• [Instructions for the task]:
Only the lines from the one that contains "Brighten every day" through the last line of the data below should be duplicated, exactly and without pictures.
>>>
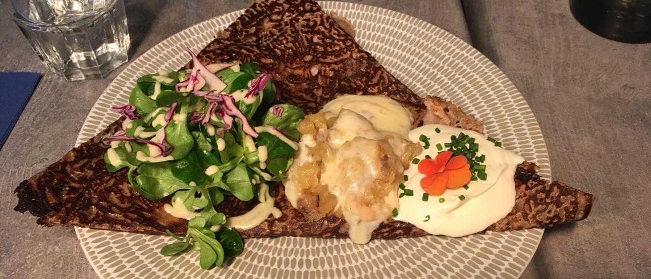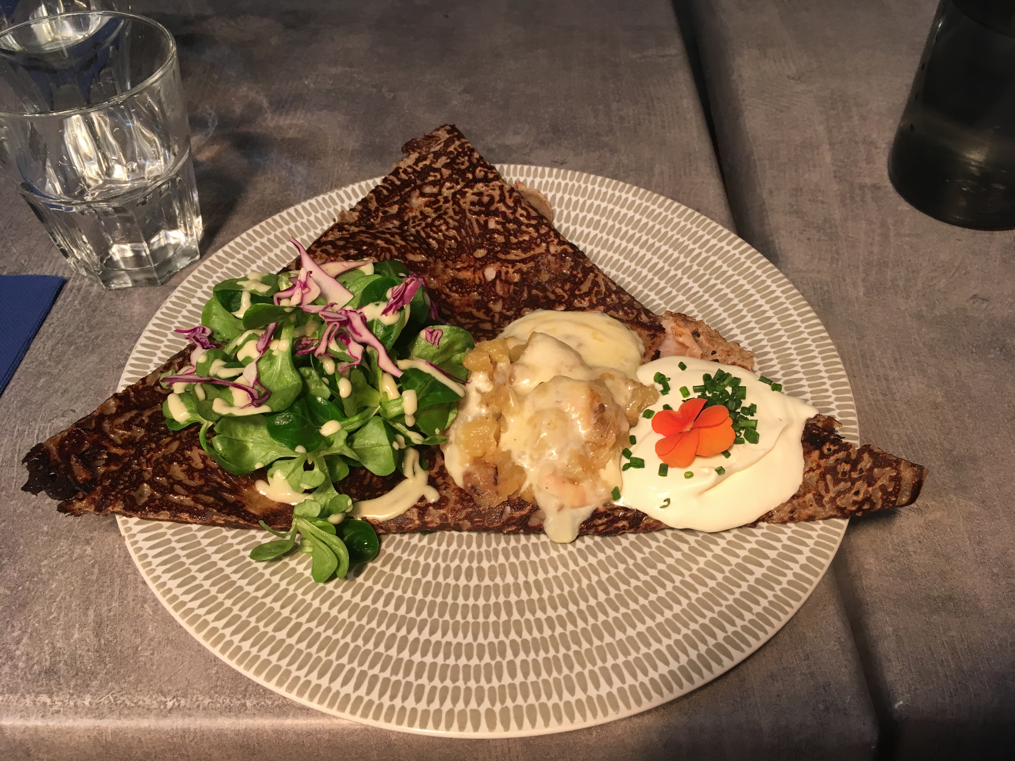 4. Galettes: These are another specialty of Brittany/Nantes that I’ve referenced in other posts. Galettes look a lot like crêpes, except they’re made with a different kind of wheat, called black wheat (blé noir). So, galettes have a different taste from crêpes—they’re the savory cousins. They’re generally the main dish of a meal, filled with ham, cheese, egg, mushroom, vegetables, smoked salmon, or some combination of everything. Crêpes are then reserved for holding more sweet entities for dessert.
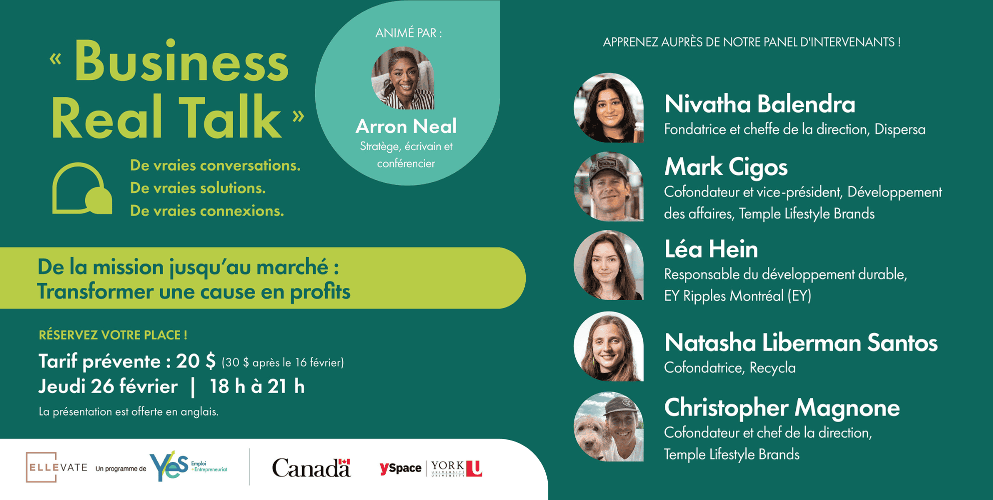 L’événement « Business Real Talk » : De la mission jusqu’au marché — Transformer une cause en profits s’adresse aux entrepreneurs qui souhaitent faire croître une entreprise engagée, tout en maintenant la rentabilité et en créant un véritable impact.
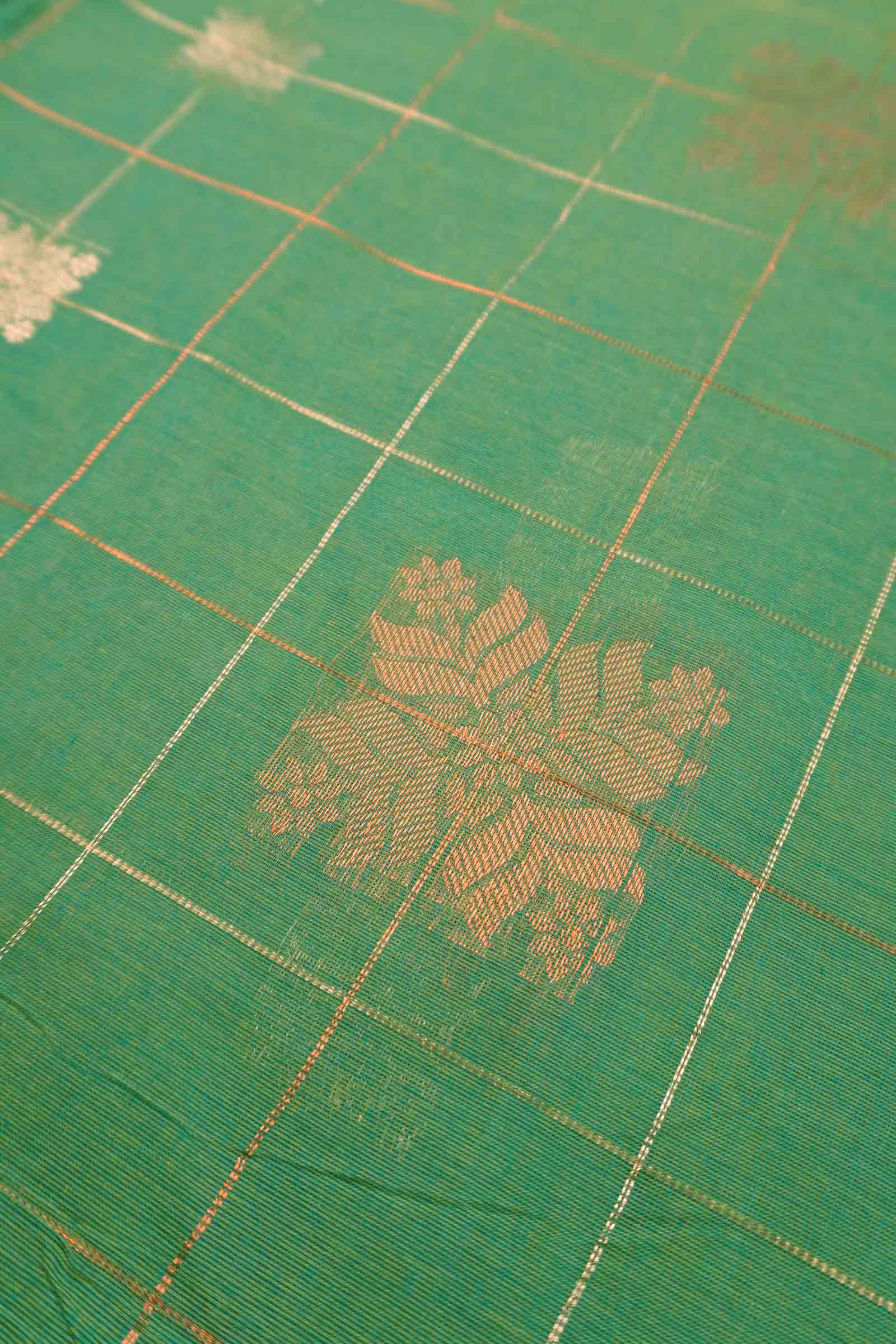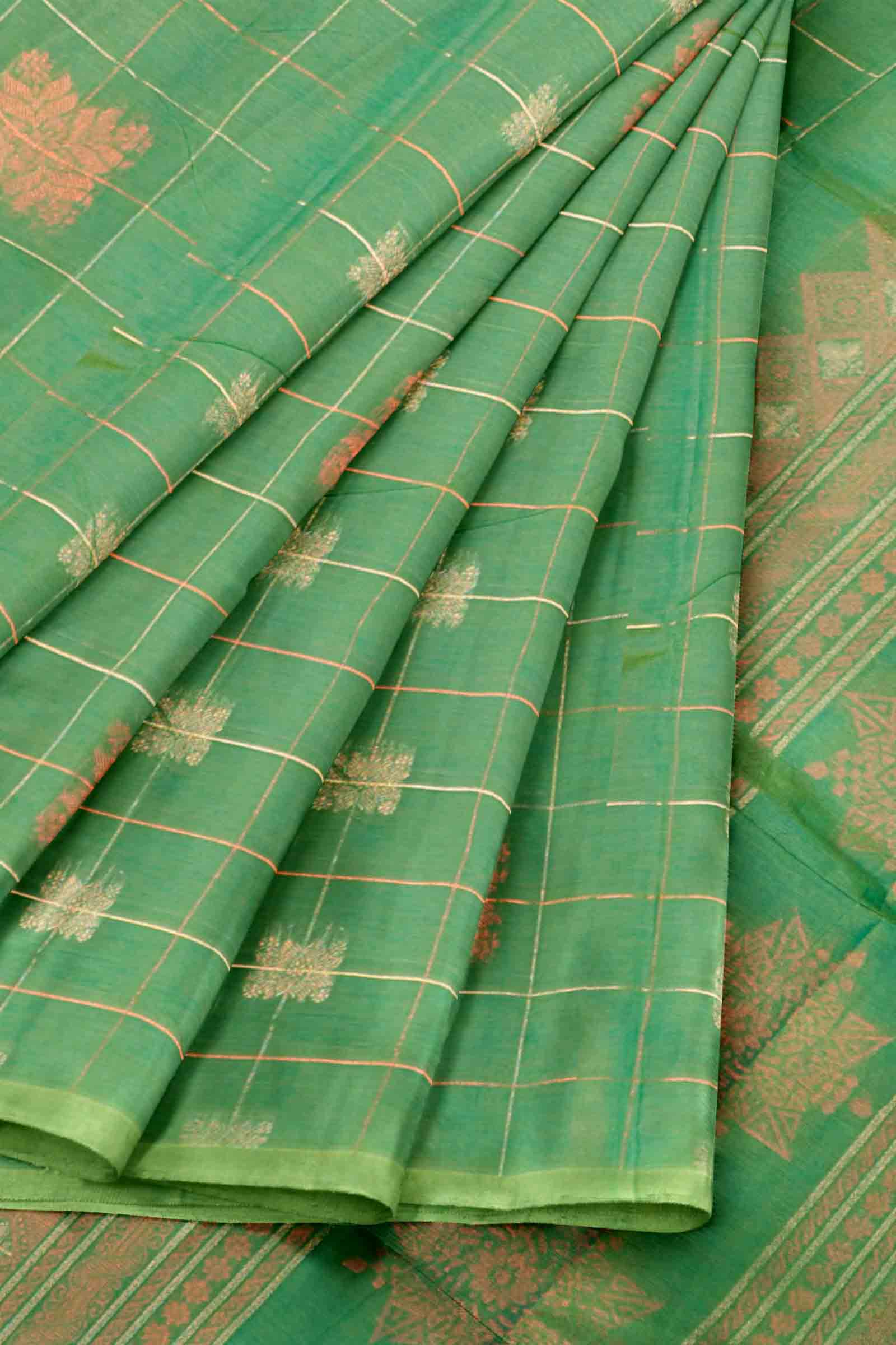 Green Pure South Cotton Zari Checks Star Pallu Saree
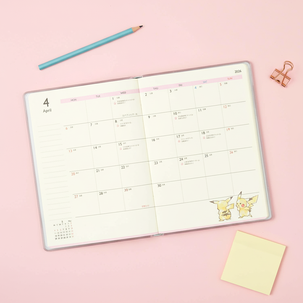 Brighten every day of 2026 with Pikachu by your side! This adorable schedule book features a playful pattern of Pikachu in various poses with Poké Balls scattered across a crisp white cover. Inside, the charm continues with monthly calendar spreads, dotted note pages, and a yearly overview to keep all your plans in one place. Each page features cheerful Pikachu illustrations that make organizing fun and motivating. A transparent PVC cover keeps everything protected, so your planner stays cute and clean all year long!
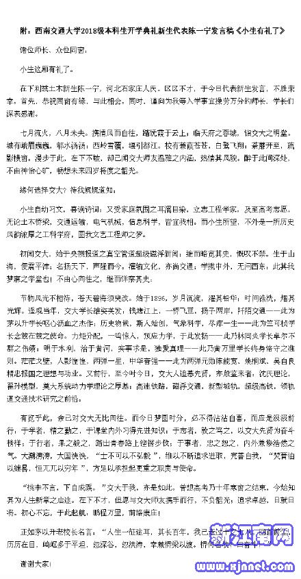 今年西南交大开学典礼的新生发言不同寻常,陈一宁发言稿通篇采用了文言文的形式。不得不说,现在的孩子真的是越来越优秀了……还有人没看到?一起来看——《小生这厢有礼了》!
<<<
• [Answer below]:
 Brighten every day of 2026 with Pikachu by your side! This adorable schedule book features a playful pattern of Pikachu in various poses with Poké Balls scattered across a crisp white cover. Inside, the charm continues with monthly calendar spreads, dotted note pages, and a yearly overview to keep all your plans in one place. Each page features cheerful Pikachu illustrations that make organizing fun and motivating. A transparent PVC cover keeps everything protected, so your planner stays cute and clean all year long!
 今年西南交大开学典礼的新生发言不同寻常,陈一宁发言稿通篇采用了文言文的形式。不得不说,现在的孩子真的是越来越优秀了……还有人没看到?一起来看——《小生这厢有礼了》!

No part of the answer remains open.